В принципе, я не собиралась упоминать свое имя. Я не существую. Но раз есть имя – значит, и я есть? Как сказал Р. – в каждой частности заключено общее.
К чему эта история? Просто я представила, как это выглядело бы здесь. Если бы кто-то к кому-то обратился среди ночи с подобной просьбой. Ответ один – человек не желает раскошеливаться на траурную надпись. Поскольку не бывает такого, чтобы контора на кладбище была закрыта. Здесь все работает и все по назначению. Там мы друг друга учили, лечили, утешали, кормили, спать укладывали, – здесь это не проханже. На всё свои службы, это очень удобно, не надо морочить голову людям, нет нужды друг с другом советоваться. Но у нас осталась эта привычка. Хорошая она или плохая? – на это может ответить только Р., но я его об этом не спрашивала. Пошел он куда подальше.
10.5.2. Так и не спала. Вышла ночью за травкой. Повстречала в баре ирландца. Молчаливый и добрый с виду. Он проводил меня до дому. Ник проснулся, поворчал, что ему надоели мои ночные эндвенчесы. Ирландец понял только последнее слово. Успокоил Ника, что он, ирландец, еще никому не причинил зла, кроме самого себя.
1.1.1. Возила советскую на Брайтон-бич. Сфотографировались у океана. Хотела сделать наш двойной портрет, но, как назло, некому было щелкнуть. Она в отпаде. Готова рыдать над этой законсервированной бабелевской Одессой. Купила полпаунда селедки и маленькую икру. Интересно смотреть на все ее глазами. Сыграли шутку в меховом ателье. Снялись в дорогих шубах. Я – в голубой норке до полу, она – в ондатровом полушубке. Сказали продавщице, что предъявим мужьям фотографии, чтобы они сами решили, какая из шуб лучше. Выберут и купят.
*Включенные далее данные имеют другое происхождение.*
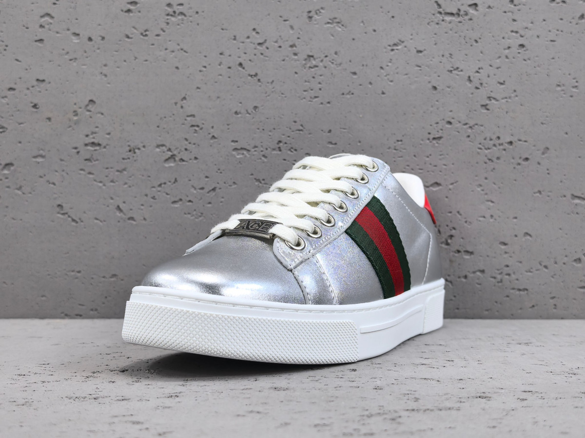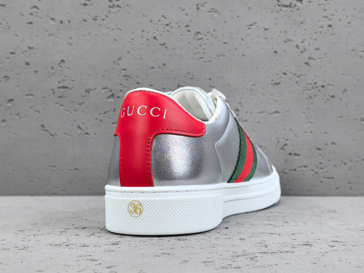 **Gucci 에이스 스니커즈 실버 (모델 번호: 757944AACPB8148)**는 구찌의 상징적인 에이스 시리즈를 트렌디하게 재해석한 여성용 스니커즈로,

Взмокли, как мыши, пока все перемеряли. Зашли к матери. Это чудовище живет, чтобы меня терзать. Она купила себе очередное манто. Померили на советскую – тютелька в тютельку. Но мать вцепилась зубами – не перепродаст. Она с беднотой не торгует. Все забыла. Как экономила каждую копейку, которую там не на что было тратить. Разве что на ковры. Но у нее всегда была куриная память. Р. определил мою мать как типичную представительницу черты оседлости, попавшую в рай беспересадочным путем. Когда Р. заводится, он говорит, что я такая же б…, как мамаша, потом похлеще, а потом хоть святых выноси. В такие минуты он напоминает мне Натана из «Софис чойз». Не хотела бы я кончать свою жизнь с Р., хватив напоследок цианистого калия. Конечно, Освенцим это не совдеп, но и у наших отбирали детей, и наши, возвращаясь после многолетней отсидки, их не находили. Мы с советской и с Р. долго трепались на эту тему. Р. утверждал, что евреям нечего делать в России, что Америке евреи на пользу, России во вред. Что обострение национальных проблем в нынешней России кончится очередным еврейским погромом. Когда он узнал, что у советской трое детей, схватился за голову. Сказал ей, что у нее потеря волевого импульса. Потеря волевого импульса, по мнению Р., – болезнь интеллигенции в тоталитарных странах. Для евреев такая болезнь может оказаться смертельной. Р. говорил безапелляционно, и советская приуныла. Я сказала Р. в ее защиту, что все не могут уехать, кто-то должен учить, лечить, неужели одни идиоты. Р. ответил, что там, где народ семьдесят лет занимается самоуничтожением, никакие врачи и учителя не помогут. Тем более евреи. Перестройка напоминает ему труп, который вздрагивает от конвульсий. Я не знаю, зачем он так напустился на советскую, если сам недавно говорил мне, что, будь он сейчас в России, неизвестно, уехал бы или нет.